YOUR OBJECTIVE:
The whole listing below should be printed again exactly, with no images.

SUPPLIED INFORMATION:
***

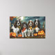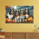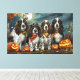 Unleash the spooky spirit with this eerie Halloween design featuring a pack of dogs under a dark, moonlit sky, surrounded by flying bats and glowing pumpkins. Perfect for those who love a touch of frightful fun with their furry friends!
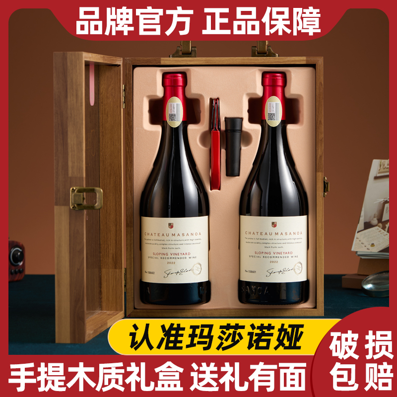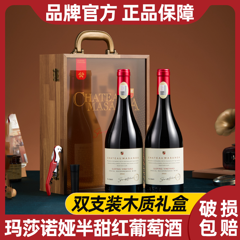 玛莎诺娅坡地红葡萄酒半甜型14度红酒750ml木箱礼盒精选经典双支
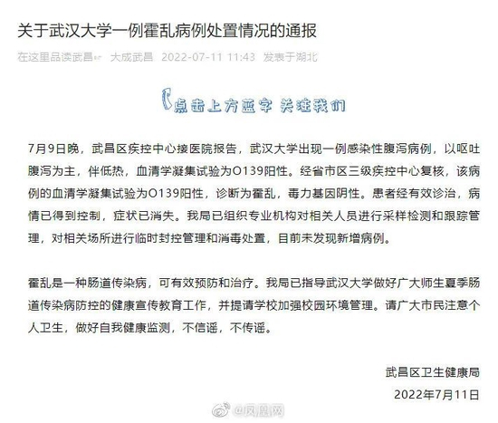 今天上午“大成武昌”微信公众号发布消息,武昌区卫生健康局通报,7月9日晚,武昌区疾控中心接医院报告,武汉大学出现一例感染性腹泻病例,以呕吐腹泻为主,伴低热,血清学凝集试验为O139阳性。经省市区三级疾控中心复核,该病例的血清学凝集试验为O139阳性,诊断为霍乱,毒力基因阴性。
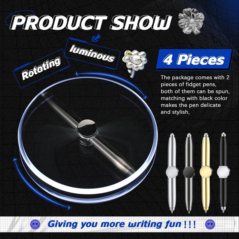 4 Pcs Fidget Pen Spinner Pen with LED Light Multi Functional Cool Anxiety Pen Help Stress Reducer Thinking Ballpoint Pen Rotating Anti Stress Anxiety Gift Pen for Business (Black, Gray, Gold, Silver)

***

TASK ANSWER:
 Unleash the spooky spirit with this eerie Halloween design featuring a pack of dogs under a dark, moonlit sky, surrounded by flying bats and glowing pumpkins. Perfect for those who love a touch of frightful fun with their furry friends!
 玛莎诺娅坡地红葡萄酒半甜型14度红酒750ml木箱礼盒精选经典双支
 今天上午“大成武昌”微信公众号发布消息,武昌区卫生健康局通报,7月9日晚,武昌区疾控中心接医院报告,武汉大学出现一例感染性腹泻病例,以呕吐腹泻为主,伴低热,血清学凝集试验为O139阳性。经省市区三级疾控中心复核,该病例的血清学凝集试验为O139阳性,诊断为霍乱,毒力基因阴性。
 4 Pcs Fidget Pen Spinner Pen with LED Light Multi Functional Cool Anxiety Pen Help Stress Reducer Thinking Ballpoint Pen Rotating Anti Stress Anxiety Gift Pen for Business (Black, Gray, Gold, Silver)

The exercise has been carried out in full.